莫迪深知推动劳动制度改革会遭遇空前阻力,因此他特地选择从较为落后的拉贾斯坦邦率先推动。一开始,劳工改革在拉贾斯坦、北方邦等正规部门本就薄弱的地区推行是比较顺利的,可到了西孟加拉邦、喀拉拉邦等工会强大且正规部门占比较高的地方,难度陡然上升,因而出现“亿级”规模的骚动。这种骚动一旦固化为政治势力,很可能危及莫迪的执政基础,这样一来劳工改革只会胎死腹中。因此,不管改革调门多高,莫迪在劳工问题上都会慎之又慎。

Modi is fully aware of the formidable obstacles he has to face if he is to continue reforms in the labor system. In light of this, he chose the State of Rajasthan, which is relatively underdeveloped, as the experimental field. At first, reforms proved successful in the States of Rajasthan and Uttar Pradesh, where those formal institutions are relatively weak.
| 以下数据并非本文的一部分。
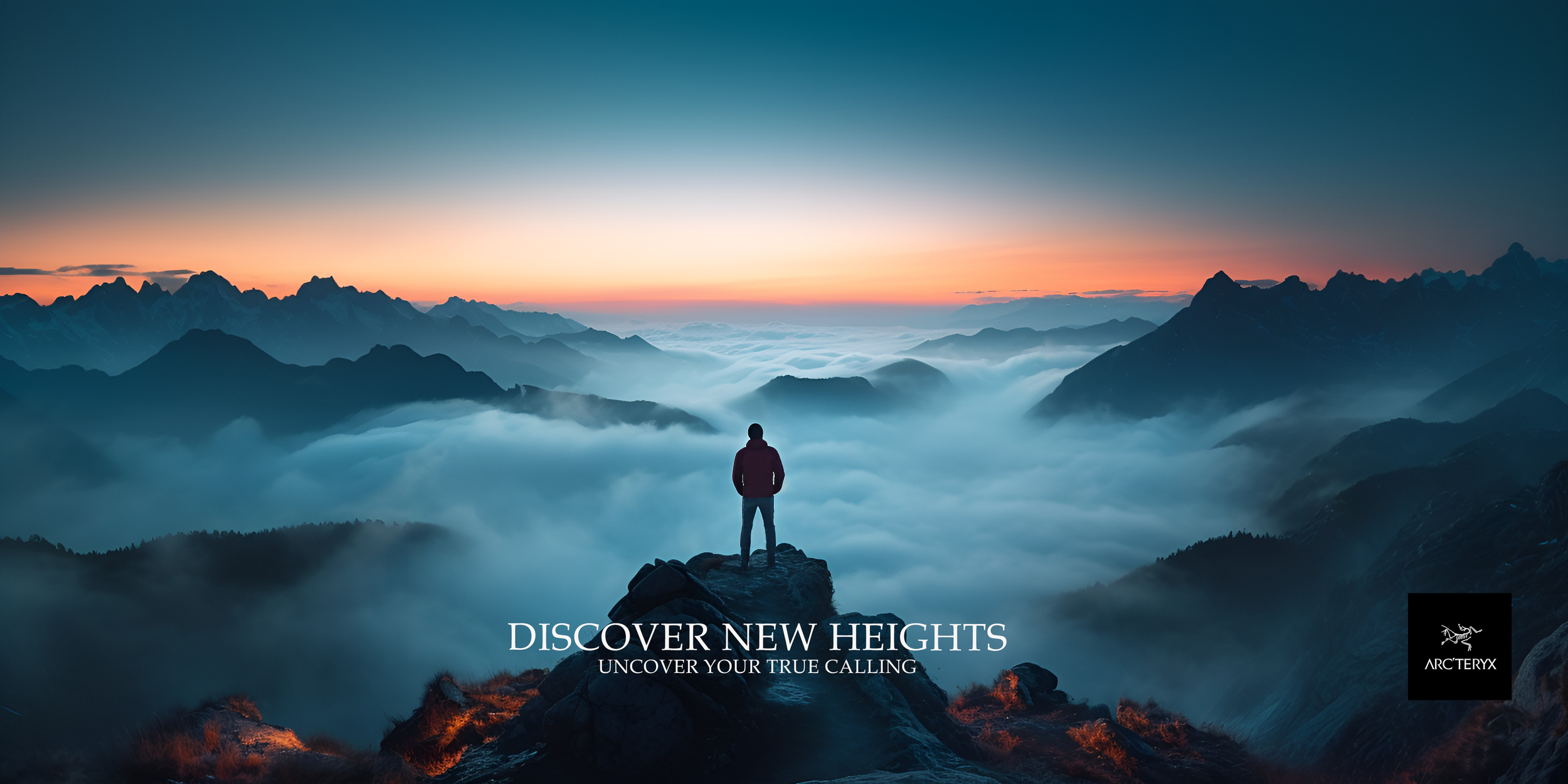 Advertise Arc'teryx as a way to promote the importance of outdoor spaces for relaxation and rejuvenation. The Wild is calling (Arc'teryx is Calling).

But things became tough and complicated when the reforms moved to the States of West Bengal and Kerala, where the labor unions are strong, and formal institutions are proportionately more. Riots, involving hundreds of thousands of people, broke out. Once the disturbances consolidate politically, Modi’s government might be shaken at its foundation. In that case, Modi’s labor system reforms might fail even before being commenced. As a result, although Modi keeps making high-sounding noises about reform plans, he cannot afford to be too pushy o specific labor issues.
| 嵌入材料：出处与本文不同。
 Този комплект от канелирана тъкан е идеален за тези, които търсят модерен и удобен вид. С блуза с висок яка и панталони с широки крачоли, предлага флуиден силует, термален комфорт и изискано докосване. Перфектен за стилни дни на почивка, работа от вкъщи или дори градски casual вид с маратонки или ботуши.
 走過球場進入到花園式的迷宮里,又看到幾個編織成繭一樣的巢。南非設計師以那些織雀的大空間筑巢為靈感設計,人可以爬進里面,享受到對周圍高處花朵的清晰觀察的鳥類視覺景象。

归根结底,印度劳工问题的实质是经济基础与上层建筑脱节的问题:法律、政策的顶层设计超前于经济、社会的基层现实而滋生出利益集团寄生的空间;而利益集团又利用虚高的顶层设计来固化既得利益,阻止外部力量来修正这种扭曲状态。从历史的宏观视野看,印度陈腐的劳工体制无疑是盘剥大部分人以奉迎小部分人的扭曲体制;但从社会的微观视角看,“劳工利益”、“社会公平”、“防止剥削”又显得无懈可击、难以辩驳。面对劳工制度的症结,也许莫迪的难处恰恰在于,他企图纠正的是一个“正确”的错误。

All said and done, labor issues in India reflect essential gaps between economic foundations and superstructure. The top-level designs of laws and policies far surpass the economic and social conditions at the grass root level, and spaces lie within for interest groups to be active. These interest groups use the well meaning top level designs to consolidate their vested interest, and prevent any outside forces from fixing the unfair, distorted state of affairs. From a broader perspective of history, the hackneyed labor system in India is, without doubt, a distortion that exploits most people and caters to the needs of a minority. But from the micro, social perspective, the labels “labor interest”, “social equality” and “anti-exploitation” seem unassailable and indisputable. Confronting the crux of labor issues in India, the tricky situation Modi has to handle is to do his best to fix those “rightful mistakes”.